GamesBeat: But I also expect to see some fear among platform owners that allowing too many games on the platform could dilute it.
Helgason: In the end, it will be Sony curating the platforms. They’ve not announced how they will do that, so it’s not my place to tell the world how it’s going to happen. We just expect that there will be more openness than there has been before. They’ve made that clear.
GamesBeat: The quality of the games has also been going up.
Helgason: Yes. The stuff that’s built with Unity is taking leaps and bounds. You probably saw Dead Trigger. Have you seen Dead Trigger 2? It was shown at [the Consumer Electronics Show]. Madfinger is one of our bigger, more important customers. They’ve been partnering with Nvidia on that. It looks incredible.

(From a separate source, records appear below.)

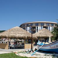 The complex is situated on the first line of the sea, on a spacious and sandy beach. The building is composed by 6 floors, separated into 26 studios and 55 apartments. All of them are completed on turn key level and fully furnished. There is air conditioner in each one room.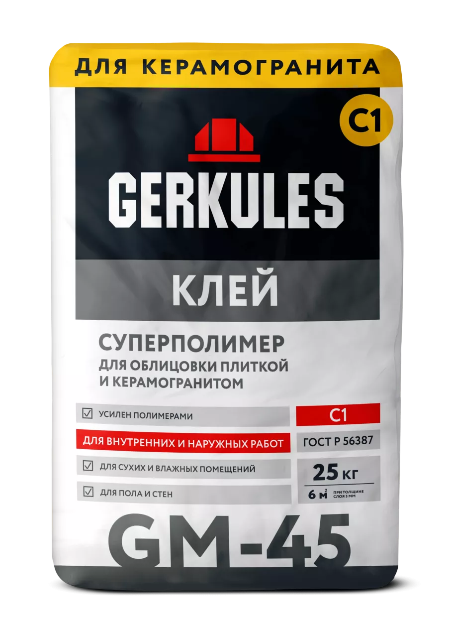 Клей для кафеля суперполимер GM-45 /25кг "Геркулес"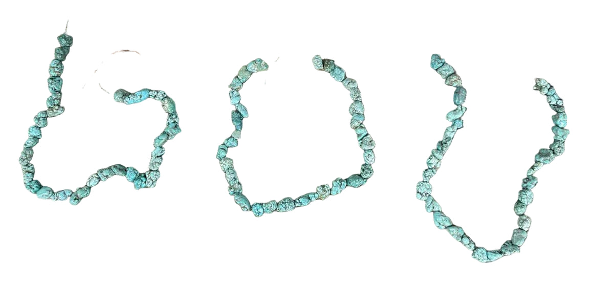 Beautiful, vintage strands of genuine, semiprecious turquoise nuggets. Raw and unpolished.

We’ve been adding features to make that easier for everyone. We have a demo here called The Chase, a thing we’ve been building — it’s a work in progress — to show off mobile capabilities in Unity. It has skin shading. You can slow it down and see what’s going on. 250,000 polygons per frame. That’s around 6 million polygons per second, with great effects. That’s as much as you’d be doing on PC or console. This is just something we’ve cooked up in the lab, but our customers are doing work that’s equally impressive.
GamesBeat: How close do you think you are to console quality or PC quality there?
Helgason: It’s not so much Unity. It’s whether the devices are ready. The devices are getting there. This is an iPad 4, the newest one, about half a year old. We have no insight beyond the rumor mill, but there will obviously be a new device this year, and it’ll be ridiculously powerful. That’s the only thing holding us back. Of course, this year the consoles are taking another leap forward. They’ll have a few more years where they’re significantly ahead of mobile, but mobile is iterating so fast.